### WHAT IS EXPECTED
What you return should match the data word for word, minus the images.

### DATA BELOW
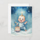 Eine wunderbare Illustration eines fröhlichen Babys in gemütlichen blauen Schlafanzügen, das in einer traumhaften, schneebedeckten Landschaft unter einem Sternenhimmel sitzt. Das Party trägt einen gestreiften Hut, der sich als glühende Kerze verdoppelt und Wärme und Magie ausstrahlt. Auf der einen Seite hält das Baby einen Funkler, auf der anderen einen festlichen Geburtstagskuchen, der mit bunten Bonbons, Zuckerguss-Tropfen und einer Single-Kerze geschmückt ist. Goldene Sterne funkeln um sich herum und schaffen eine knechte und feierliche Atmosphäre, die perfekt für den ersten Geburtstag eines Babys oder einen süßen, magischen Meilenstein ist.
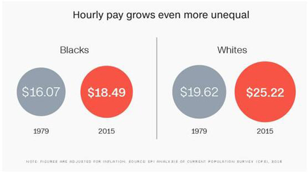 美國智庫經(jīng)濟(jì)政策研究所(Economic Policy Institute)的最新報告顯示,這個國家黑人與白人之間的收入差距已經(jīng)達(dá)到了近四十年來最嚴(yán)重的地步。
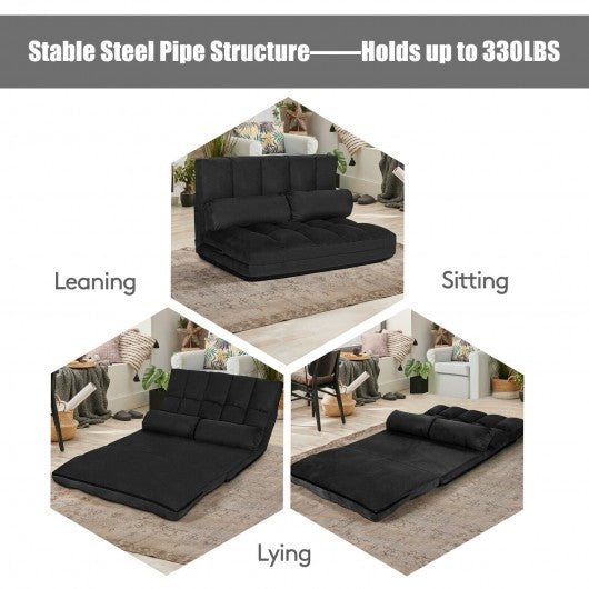 Foldable Floor 6-Position Adjustable Lounge Couch-Black

### WRITTEN SOLUTION
 Eine wunderbare Illustration eines fröhlichen Babys in gemütlichen blauen Schlafanzügen, das in einer traumhaften, schneebedeckten Landschaft unter einem Sternenhimmel sitzt. Das Party trägt einen gestreiften Hut, der sich als glühende Kerze verdoppelt und Wärme und Magie ausstrahlt. Auf der einen Seite hält das Baby einen Funkler, auf der anderen einen festlichen Geburtstagskuchen, der mit bunten Bonbons, Zuckerguss-Tropfen und einer Single-Kerze geschmückt ist. Goldene Sterne funkeln um sich herum und schaffen eine knechte und feierliche Atmosphäre, die perfekt für den ersten Geburtstag eines Babys oder einen süßen, magischen Meilenstein ist.
 美國智庫經(jīng)濟(jì)政策研究所(Economic Policy Institute)的最新報告顯示,這個國家黑人與白人之間的收入差距已經(jīng)達(dá)到了近四十年來最嚴(yán)重的地步。
 Foldable Floor 6-Position Adjustable Lounge Couch-Black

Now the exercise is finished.